The most expensive operations involving hard disks are seeks. In order to improve overall performance, related data should be stored in a fashion to minimize the number of seeks. This is known as locality of reference, and the basic concept appears in a number of different contexts. Hard disks are organized into a series of blocks of a fixed size, typically enough to store several rows of the table. By organizing the table's data so rows fit within these blocks, and grouping related rows onto sequential blocks, the number of blocks that need to be read or sought is minimized in many cases, along with the number of seeks.

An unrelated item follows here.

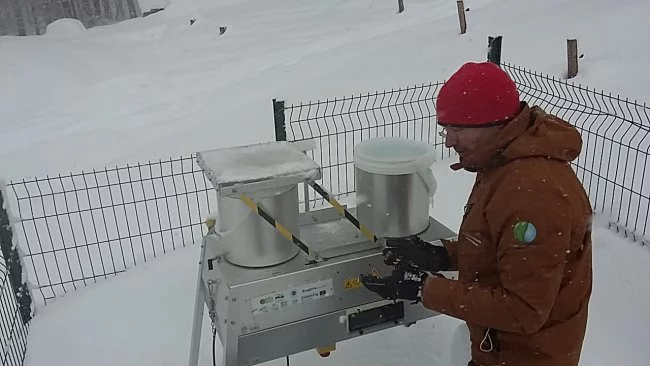 Sur les photos : Grâce à la plateforme pyrénéenne des observations atmosphériques du Pic du midi, des microplastiques ont été détectés dans l’air, à cette altitude. // Échantillonneur de dépôts atmosphériques opéré par Gaël Le Roux - Crédits : Jeroen Sonke.

A survey by Pinnecke et al. covers techniques for column-/row hybridization as of 2017.
Row-oriented systems
A common method of storing a table is to serialize each row of data, like this:
001:10,Smith,Joe,40000; 002:12,Jones,Mary,50000; 003:11,Johnson,Cathy,44000; 004:22,Jones,Bob,55000;
As data is inserted into the table, it is assigned an internal ID, the rowid
that is used internally in the system to refer to data. In this case the records have sequential rowids independent of the user-assigned empid. In this example, the DBMS uses short integers to store rowids. In practice, larger numbers, 64-bit or 128-bit, are normally used.

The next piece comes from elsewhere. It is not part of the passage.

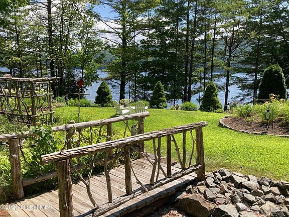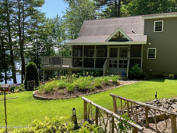 HIGHEST & BEST offers by 5pm Tue 4/18. Beautiful 5 BR, year round lake home w/ 155' of shoreline & stunning landscaping. Everything you want in a lake-escape is right here - Gorgeous lake & mountain views, lots of bedrooms & baths for all your visitors (1st floor Master if it's just you!) large deck plus screened porch, terraced custom landscaping includes stone walls, bridge, gardens & firepit, surrounded by beautiful Adirondack forest. Unique stone landing on the shoreline provides direct lakeside seating! Home features a cozy wood burning stove w/stone surround, vaulted wood ceilings, loft with lake views for secondary living space, back up propane Generator, 2 car garage. Upstairs, separate heating zone. Lawn has an irrigation system. Furnishings not included but can be negotiated.

Row-based systems are designed to efficiently return data for an entire row, or record, in as few operations as possible. This matches the common use-case where the system is attempting to retrieve information about a particular object, say the contact information for a user in a rolodex system, or product information for an online shopping system. By storing the record's data in a single block on the disk, along with related records, the system can quickly retrieve records with a minimum of disk operations.
Row-based systems are not efficient at performing set-wide operations on the whole table, as opposed to a small number of specific records. For instance, in order to find all records in the example table with salaries between 40,000 and 50,000, the DBMS would have to fully scan through the entire table looking for matching records. While the example table shown above will likely fit in a single disk block, a table with even a few hundred rows would not, and multiple disk operations would be needed to retrieve the data and examine it.

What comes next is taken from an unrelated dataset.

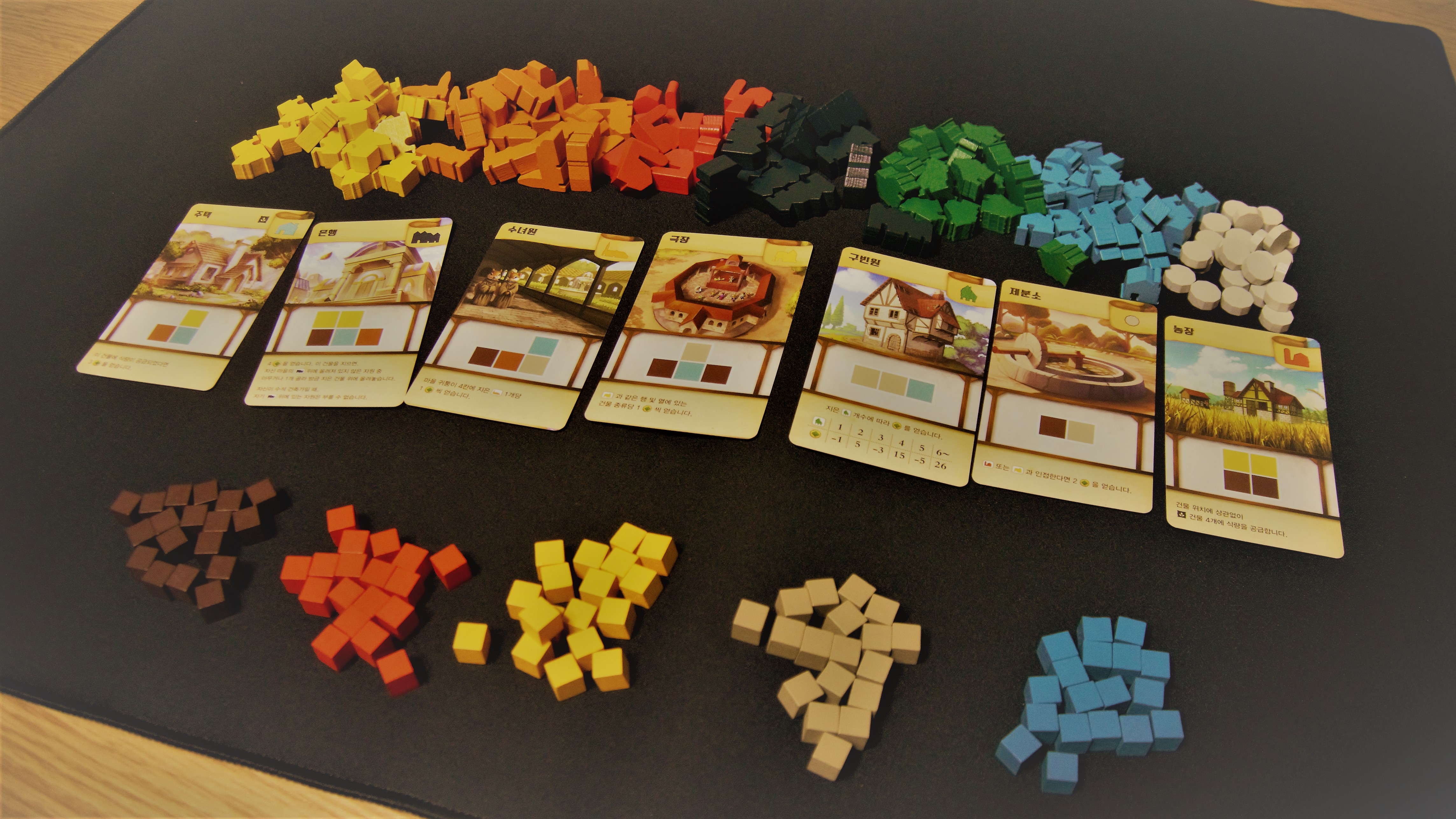기본적인 내용은 각 플레이어는 시장 또는 촌장이 되어서 게임이 끝날 때 가장 점수를 많이 획득할 수 있도록 도시/마을을을 건설하는 내용입니다.

To improve the performance of these sorts of operations (which are very common, and generally the point of using a DBMS), most DBMSs support the use of database indexes, which store all the values from a set of columns along with rowid pointers back into the original table. An index on the salary column would look something like this:
001:40000; 003:44000; 002:50000; 004:55000;
As they store only single pieces of data, rather than entire rows, indexes are generally much smaller than the main table stores. Scanning this smaller set of data reduces the number of disk operations. If the index is heavily used, it can dramatically reduce the time for common operations. However, maintaining indexes adds overhead to the system, especially when new data is written to the database. Records not only need to be stored in the main table, but any attached indexes have to be updated as well.
The main reason why indexes dramatically improve performance on large datasets, is that database indexes on one or more columns are typically sorted by value, which makes range queries operations (like the above "find all records with salaries between 40,000 and 50,000" example) very fast (lower time-complexity).
A number of row-oriented databases are designed to fit entirely in RAM, an in-memory database. These systems do not depend on disk operations, and have equal-time access to the entire dataset. This reduces the need for indexes, as it requires the same amount of operations to full scan the original data as a complete index for typical aggregation purposes. Such systems may be therefore simpler and smaller, but can only manage databases that will fit in memory.
Column-oriented systems
A column-oriented database serializes all of the values of a column together, then the values of the next column, and so on. For our example table, the data would be stored in this fashion:
10:001,12:002,11:003,22:004; Smith:001,Jones:002,Johnson:003,Jones:004; Joe:001,Mary:002,Cathy:003,Bob:004; 40000:001,50000:002,44000:003,55000:004;
In this layout, any one of the columns more closely matches the structure of an index in a row-based system. This may cause confusion that can lead to the mistaken belief a column-oriented store "is really just" a row-store with an index on every column. However, it is the mapping of the data that differs dramatically. In a row-oriented indexed system, the primary key is the rowid that is mapped from indexed data. In the column-oriented system, the primary key is the data, which is mapped from rowids. This may seem subtle, but the difference can be seen in this common modification to the same store:
...;Smith:001;Jones:002,004;Johnson:003;...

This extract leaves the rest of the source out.